Efficient biosynthesis of (2S, 3R)-4-methylsulfonylphenylserine by artificial self-assembly of enzyme complex combined with an intensified acetaldehyde elimination system

(2S, 3R)-4-methylsulfonylphenylserine [(2S, 3R)-MPS], a key chiral precursor for antibiotics florfenicol and thiamphenicol, could be asymmetrically synthesized by l-threonine transaldolase (LTTA) coupled with an acetaldehyde elimination system. The low efficiency of acetaldehyde elimination system blocked further accumulation of (2S, 3R)-MPS. To address this issue, strengthening acetaldehyde elimination system and enzyme self-assembly strategy were combined to accelerate biosynthesis of (2S, 3R)-MPS. The new multi-enzyme cascade with intensified acetaldehyde elimination system BL21 (PsLTTAD2/ScADH/BtGDH) could produce (2S, 3R)-MPS with a titer of 157.6 mM, 1.7-folds than that produced by the original system BL21 (PsLTTAD2/ApADH/CbFDH). Moreover, self-assembly of PsLTTAD2 and ScADH by respective fusion of SpyTag and SpyCatcher were carried out to develop a self-assembled multi-enzyme cascade BL21 (ST-PsLTTAD2/SC-ScADH/BtGDH). As a result, the yield of (2S, 3R)-MPS was up to 248.1 mM with 95% de. As far as we knew, that represented the highest yield of (2S, 3R)-MPS by enzymatic synthesis, and therefore was a promising and green route for industrial production of this valuable compound.

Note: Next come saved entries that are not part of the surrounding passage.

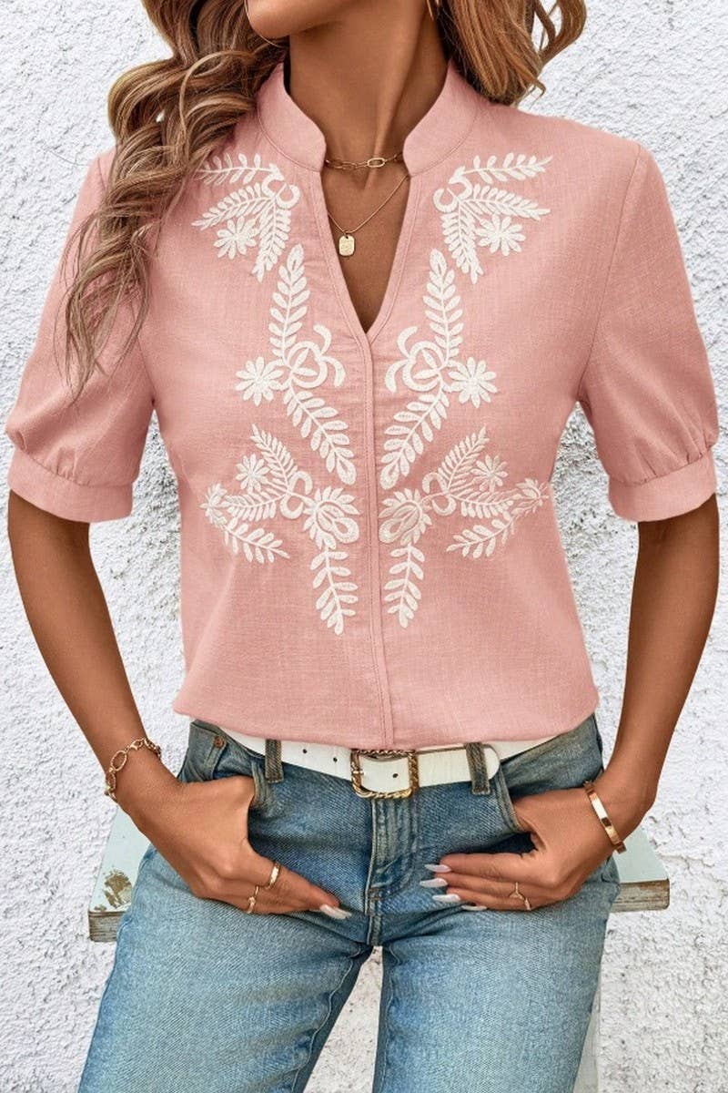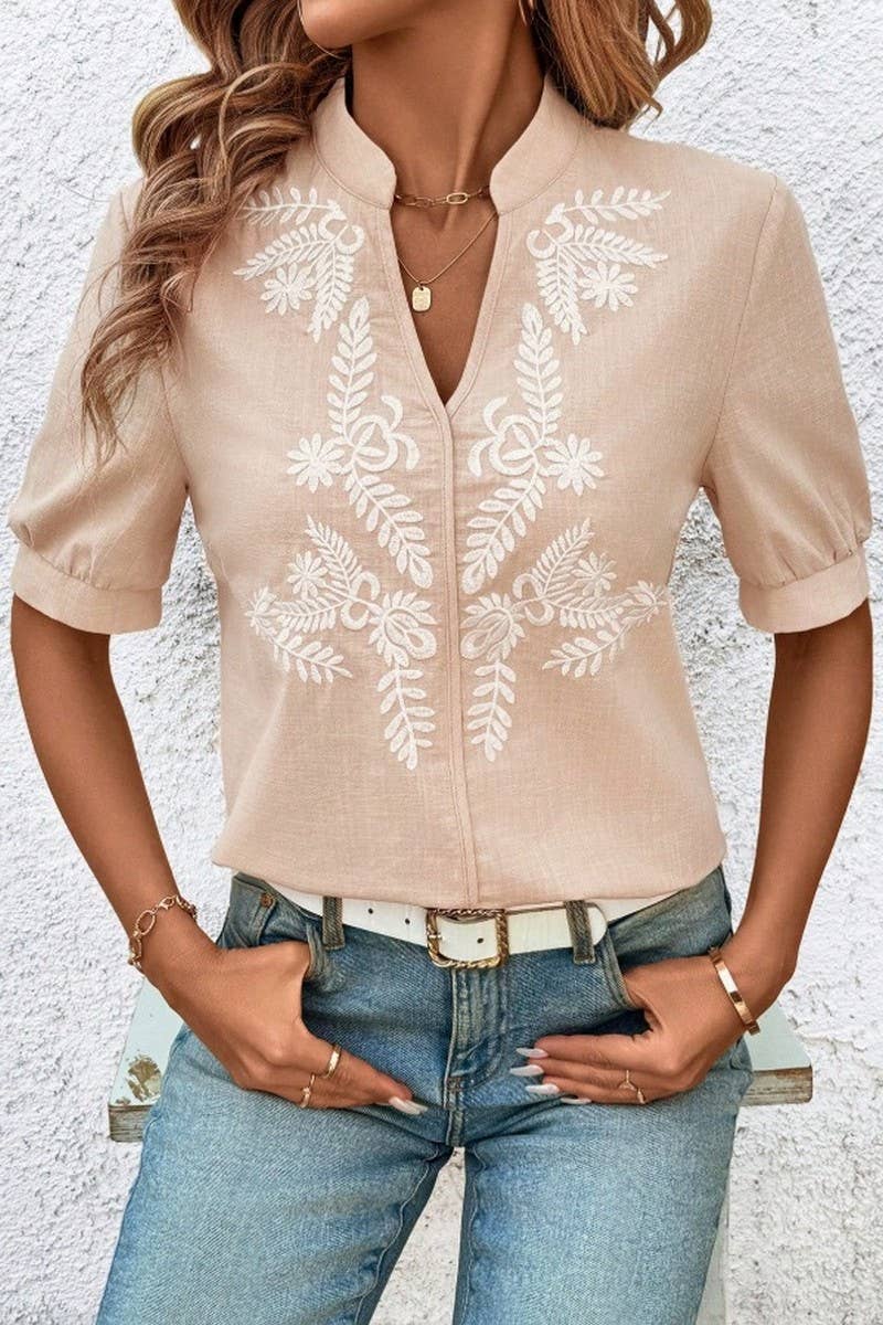 V-NECK COTTON EMBROIDERED SHORT SLEEVE SHIRT
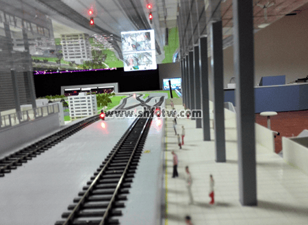 沙盘可根据用户要求设置多个城市轨道交通车站,每一个车站配置一个站房和站台。站房、站台使用彩色亚克力板。精美逼真的山水装饰采用亚克力和ABS板。车站和上部建筑照明采用安全电压。
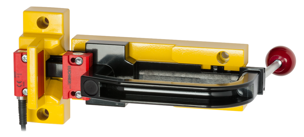 내장된 잠금 바를 이용하여, 예를 들어 자물쇠를 사용하여 볼트를 열린 위치에서 잠글 수 있습니다. 이를 통해 작업자가 위험 구역 내에 의도치 않게 갇히는 것을 방지할 수 있습니다.
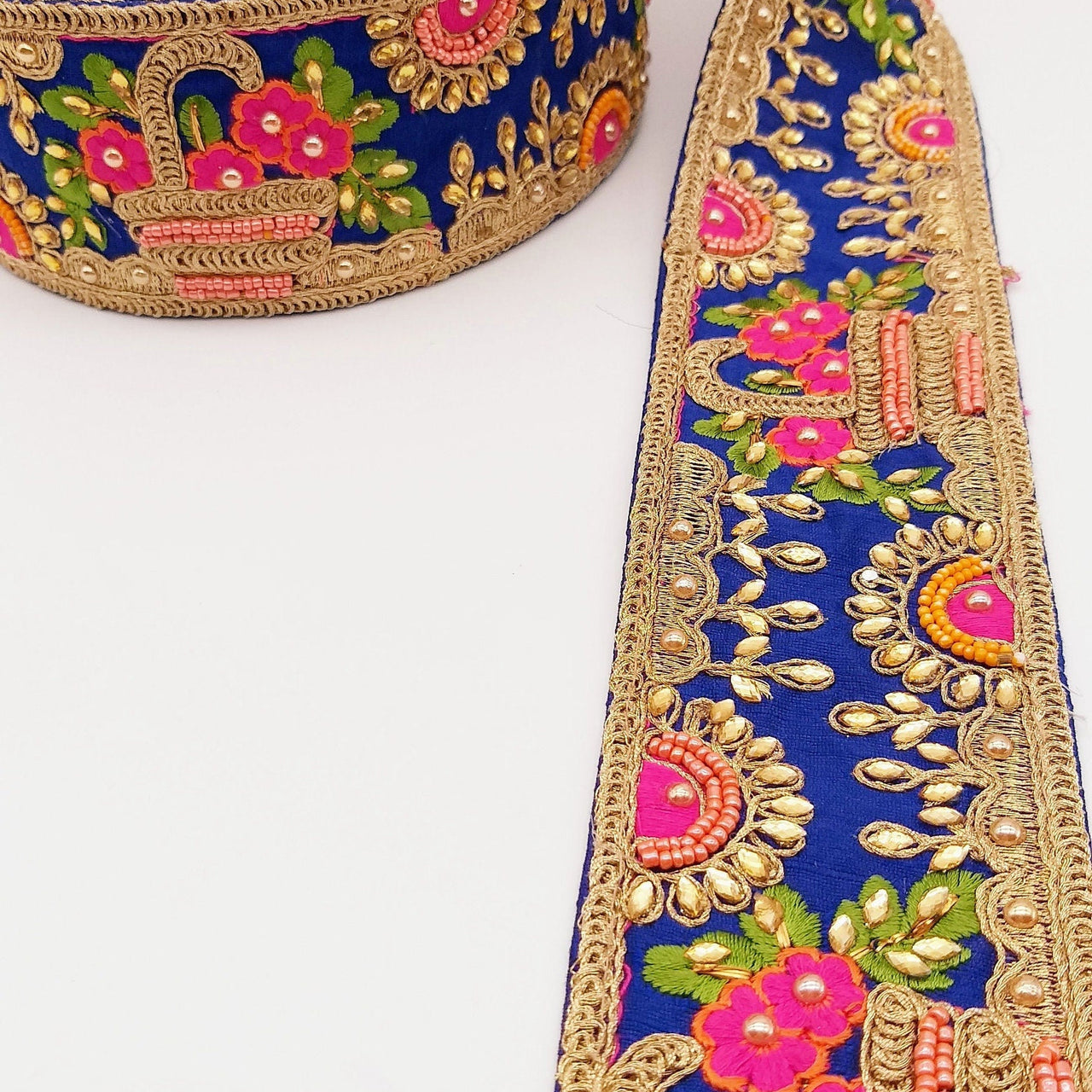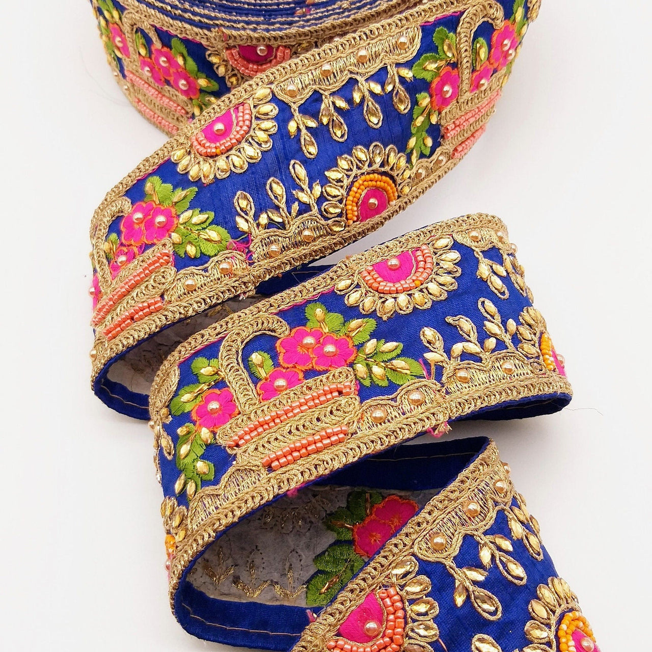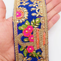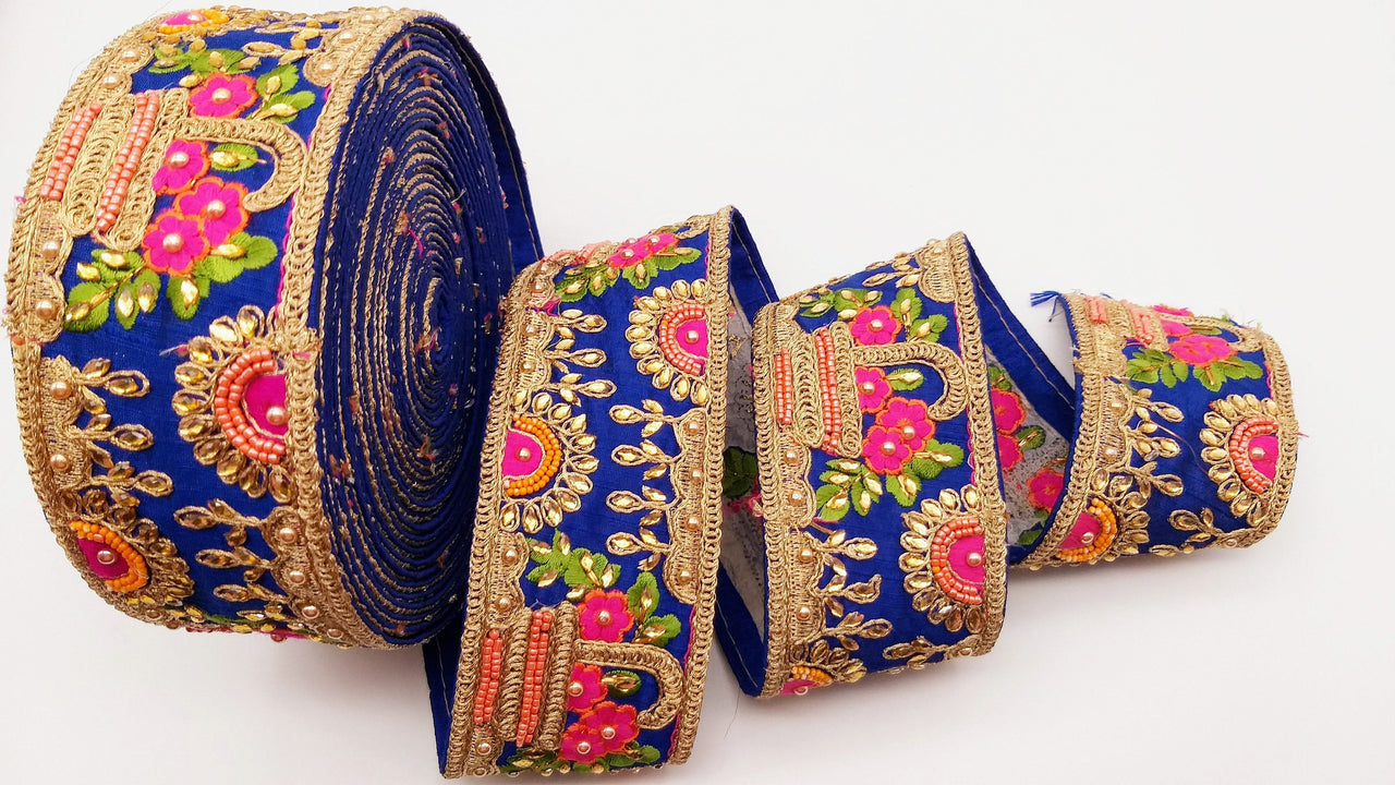 Royal Blue Art Silk Fabric Trim With Green, Orange, Pink And Gold Floral Embroidery
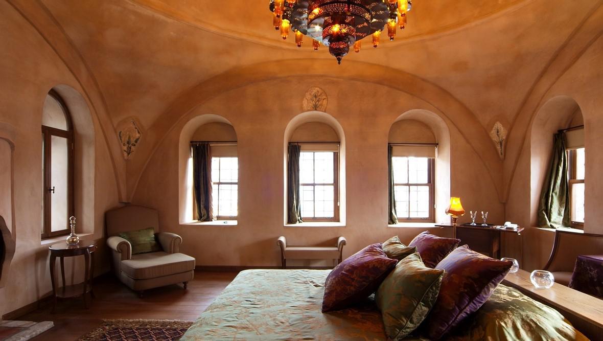 Η λιτή πολυτέλεια των κεντημένων λινών στα κρεβάτια και τις κουρτίνες με το όνομα του να δεσπόζει παντού, φτιαγμένο με το χέρι, οι μοναδικές αντίκες στα δωμάτια και τα σπάνια υφάσματα, τα ξύλινα πατώματα που περάστηκαν με εσάνς πορτοκαλιού για να μπορέσουν οι καστανιές να αποδώσουν καλύτερα τις στανίνες τους, τα εκπληκτικά μπάνια με τα σπάνια μάρμαρα να δημιουργούν υπέροχες γούρνες μπροστά σε παράθυρα που παίζουν το ρόλο της μπανιέρας, στην οποία βυθίζεσαι αφήνοντας απλά το κρεβάτι σου, οι σπάνιοι χάλκινοι νεροχύτες, ο απίστευτος διάκοσμος των εξαιρετικά μεγάλων δωματίων, με τα λουλούδια, τα κλαδιά καστανιάς και δάφνης, αλλά και όλα τα στοιχεία της Ανατολής, το απίστευτο χαμάμ με τις αίθουσες μασάζ, τύπου Turkish bath, με καυτές μαρμάρινες πλάκες, αιθέρια έλαια αγορασμένα στην Αίγυπτο, φωτιστικά φερμένα από το Μαρόκο, χαλιά από την ανατολή και σπάνια μετάξια, η εσωτερική πισίνα, μια εντυπωσιακή κατασκευή από κατακόμβες, ψηφιδωτά πλακάκια, κεριά, τα εκπληκτικά σερβίτσια του πρωινού με πορσελάνες Λιμόζ, αυτοκράτειρα Ευγενία, που πήραν το όνομα τους από το όνομα της αγαπημένης του εγγονού του Μεχμέτ και φυσικά αναζητήθηκαν γιαυτό το λόγο, ασημένια μαχαιροπίρουνα, οι εντυπωσιακές σουίτες Μουσάντρες με τους οντάδες, το μοναδικό κολοσσιαίο κυπαρίσσι με τη μπλεγμένη στα φύλλα του γλισίνα, που φιλοξενεί δεκάδες αηδόνια που σε κάνουν να νομίζεις ότι είσαι στον κήπο της Εδέμ, το παλιό τζαμί που έχει μετατραπεί με σεβασμό σε χώρο αναγνωστηρίου και φιλοξενεί εκθέσεις, αλλά και τα μοντέρνα facilities, δημιουργούν την αίσθηση ενός παραμυθένιου σκηνικού, που όμοιο του δεν συναντά κανείς πουθενά στην Ευρώπη.
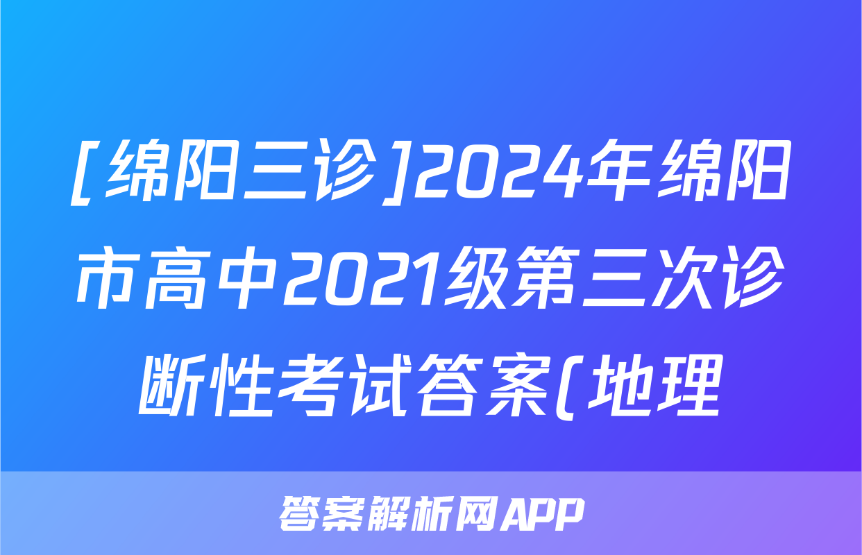 [绵阳三诊]2024年绵阳市高中2021级第三次诊断性考试答案(地理)正在持续更新,目前2026届海淀八模答案网为大家整理了相关试题及答案,供大家查缺补漏,高效提升成绩。

Construction and Application of PLP Self-sufficient Biocatalysis System for Threonine Aldolase

A number of organic synthesis involve threonine aldolase (TA), a pyridoxal phosphate (PLP)-dependent enzyme. Although the addition of exogenous PLP is necessary for the reactions, it increases the cost and complicates the purification of the product. This work constructed a PLP self-sufficient biocatalysis system for TA, which included an improvement of the intracellular PLP level and co-immobilization of TA with PLP. Engineered strain BL-ST was constructed by introducing PLP synthase PdxS/T to Escherichia coli BL21(ED3). The intracellular PLP concentration of the strain increased approximately fivefold to 48.5 μmol/g_DCW. l-TA, from Bacillus nealsonii (BnLTA), was co-expressed in the strain BL-ST with PdxS/T, resulting in the engineered strain BL-BnLTA-ST. Compared with the control strain BL-BnLTA (254.1 U/L), the enzyme activity of the strain BL-BnLTA-ST reached 1518.4 U/L without the addition of exogenous PLP. An efficient co-immobilization system was then designed. The epoxy resin LX-1000HFA wrapped by polyethyleneimine (PEI) acted as a carrier to immobilize the crude enzyme solution of the strain BL-BnLTA-ST mixed with an extra 100 μM of exogenous PLP, resulting in the catalyst HFA^PEI-BnLTA-STPLP 100. HFA^PEI-BnLTA-STPLP 100 exhibited a half-life of approximately 450 h, and the application of the catalyst in the continuous biosynthesis of 3-[4-(methylsulfonyl) phenyl] serine had more than 180 batch reactions (>60%_conv) without the extra addition of exogenous PLP. The excellent compatibility and stability of the system were further confirmed by other TAs. This work introduced a PLP self-sufficient biocatalysis system that can reduce the cost of PLP and contribute to the industrial application of TA. In addition, the system may also be applied in other PLP-dependent enzymes.